Exercise description:
Look below for the line that contains "Cuff title of" and the line that contains "The shape of a", then restate both of them and every line in between, exactly. No picture goes in the copy.

Stored data:
--------------------------------------------------

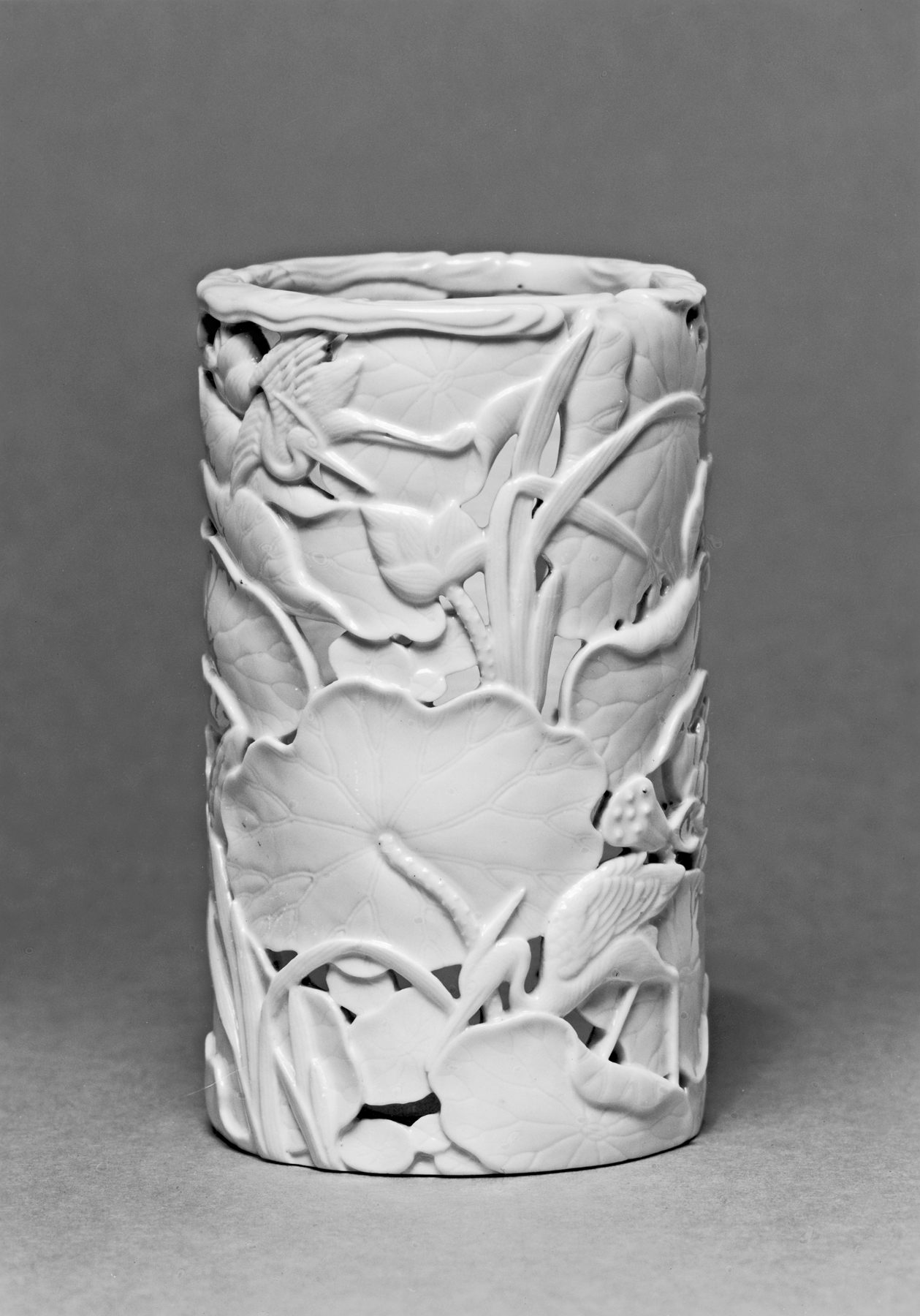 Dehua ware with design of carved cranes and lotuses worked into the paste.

--------------------------------------------------

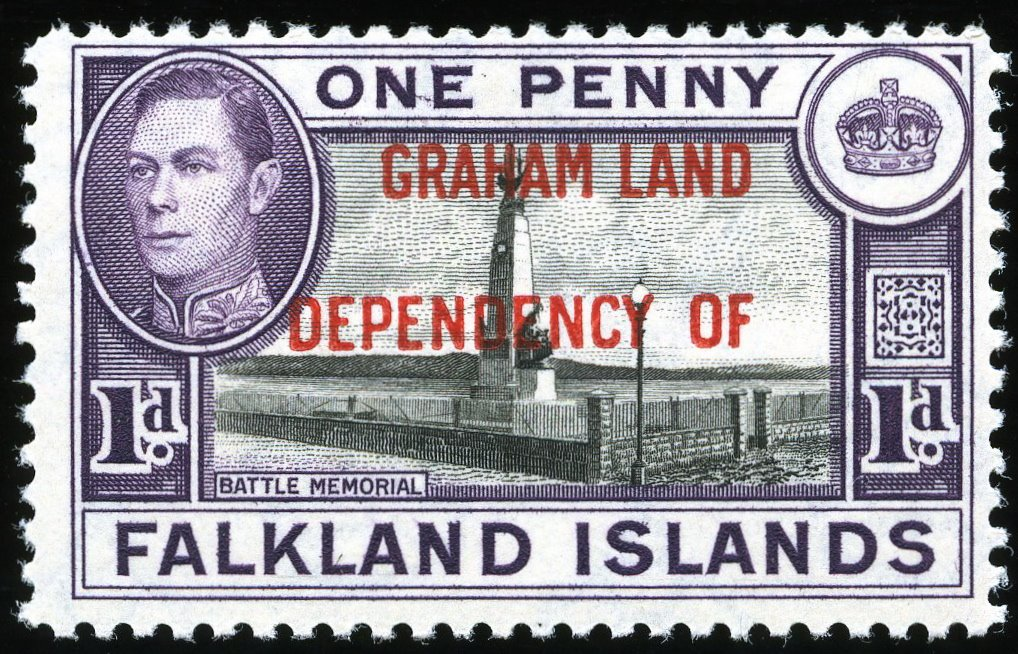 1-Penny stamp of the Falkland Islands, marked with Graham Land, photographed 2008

--------------------------------------------------

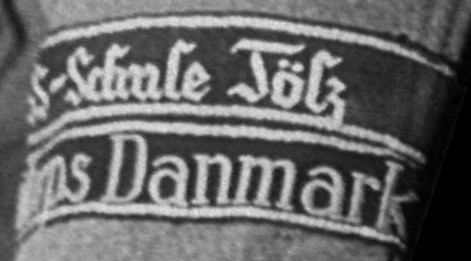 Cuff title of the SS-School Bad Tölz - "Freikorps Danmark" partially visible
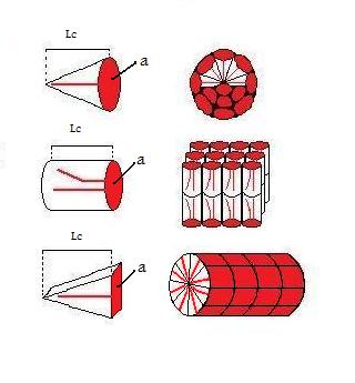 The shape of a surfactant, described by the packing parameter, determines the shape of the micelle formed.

--------------------------------------------------

Solved problem:
 Cuff title of the SS-School Bad Tölz - "Freikorps Danmark" partially visible
 The shape of a surfactant, described by the packing parameter, determines the shape of the micelle formed.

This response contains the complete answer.